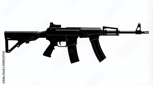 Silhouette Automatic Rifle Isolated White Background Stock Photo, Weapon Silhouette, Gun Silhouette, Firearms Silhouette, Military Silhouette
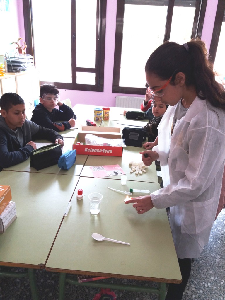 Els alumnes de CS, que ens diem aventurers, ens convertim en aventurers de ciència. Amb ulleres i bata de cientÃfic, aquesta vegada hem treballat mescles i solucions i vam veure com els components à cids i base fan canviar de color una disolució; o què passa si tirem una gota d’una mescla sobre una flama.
==
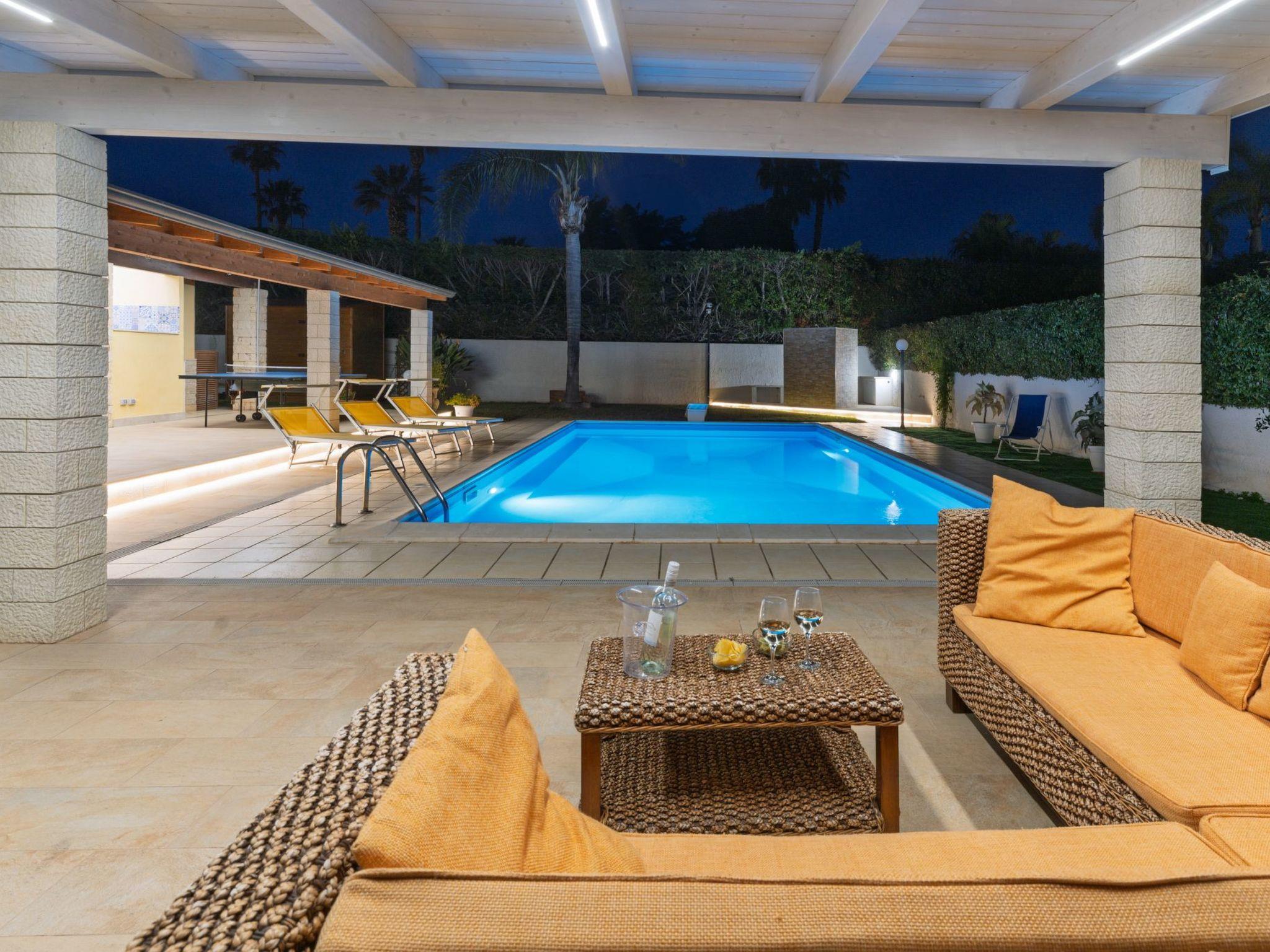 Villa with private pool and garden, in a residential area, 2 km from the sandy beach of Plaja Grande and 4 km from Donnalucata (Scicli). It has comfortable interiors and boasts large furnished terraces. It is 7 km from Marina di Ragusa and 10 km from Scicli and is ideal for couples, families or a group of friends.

What is needed:
After locating the line containing "Silhouette Automatic Rifle" in the entries above, return it and every line after it exactly, ending at the line containing "Els alumnes de", without pictures.

Expected answer:
 Silhouette Automatic Rifle Isolated White Background Stock Photo, Weapon Silhouette, Gun Silhouette, Firearms Silhouette, Military Silhouette
 Els alumnes de CS, que ens diem aventurers, ens convertim en aventurers de ciència. Amb ulleres i bata de cientÃfic, aquesta vegada hem treballat mescles i solucions i vam veure com els components à cids i base fan canviar de color una disolució; o què passa si tirem una gota d’una mescla sobre una flama.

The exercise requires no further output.